Ustedes se preguntarán, ¿Por qué esta obviedad? ¿Cómo que “Con los ojos en la cara? Es claro, no podrían estar en otro lugar. Es claro también que debe haber alguna razón más o menos válida para dar nombre a una columna que hace dos años dejé de escribir sin ninguna justificación ni previo aviso. Me hice como los nietos: no saludan cuando llegan ni se despiden cuando se van.

Les voy a platicar el por qué de este título tan inapropiado. Era allá por los años de 1982 o 1983 que llegaba de los recorridos por las comunidades, aporreado y masacrado por las pequeñas piedras y el polvo del balasto que levantaba con el Datsun 76 en tiempo de secas por las carreteras, pero, además, atormentado por la resolana que no me tenía ninguna consideración ni deferencia. Otras veces, llegaba de Colima y el estado de ánimo era mejor pues por lo menos no llegaba tan acalorado. Apenas llegaba al centro del pueblo de Tepames, estacionaba el carro frente al jardín y me encontraba con doña Paz García quien era casi mi vecina. La saludaba y, ya frente a ella, le preguntaba, ¿Cómo está Doña Paz? Le preguntaba nada más por el gusto de escuchar su respuesta: aquí “Con los ojos en la cara” y luego añadía, “Si quiere comer pásese, porque aquí hay quien ofrezca, pero no hay quien ruegue.” Casi siempre me pasaba a comer y a platicar con ella mientras calentaba las tortillas.

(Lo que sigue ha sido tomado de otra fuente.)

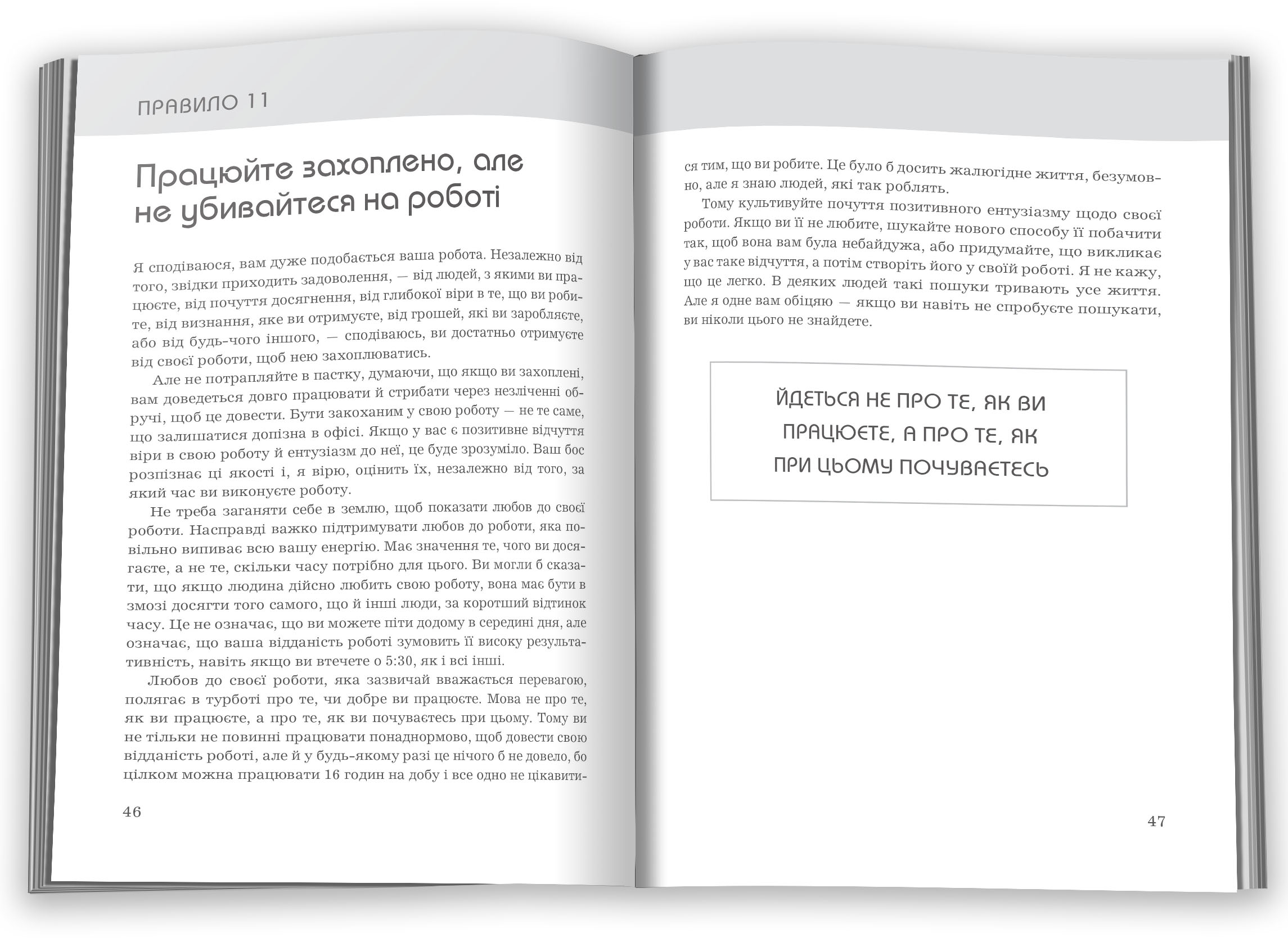 В одному з найуспішніших світових бестселерів про правила кар'єри викладено настанови від Річарда Темплара, які надихають вас і змінять ваше життя. У книзі, яка містить резонні поради, варті глибокої уваги ідеї, практичні стратегії, прагматичну мудрість, автор із немалою часткою гумору просто й чітко пояснює 100 принципів щасливого, успішного та приємного трудового шляху.

Desde la primera vez que escuché sus palabras, guardé en la memoria esa respuesta tan sencilla, casi simple, pero qué a fuerza de darle vueltas, pensarla y repensarla, no solo me fue gustando, sino que cuando me invitaron a escribir en Avanzada, descarté un posible título para la columna. Había pensado que se llamara “Los  días contados”. Descarté a esa  ocurrencia  para dar paso al título que dio nombre a más de cuarenta colaboraciones y que se llama, Con los ojos en la cara. Quizá con el tiempo, dé nombre a un libro, aunque también es muy posible que no vaya a suceder así por aquello de que el infierno está lleno de buenas intenciones. Ni tan buenas.

Preguntaba en la primera línea de este escrito, ¿Por qué esta obviedad? Además de la inspiradora frase de Doña Paz, tuve estas razones para que se llame como se llama. Juzguen Ustedes.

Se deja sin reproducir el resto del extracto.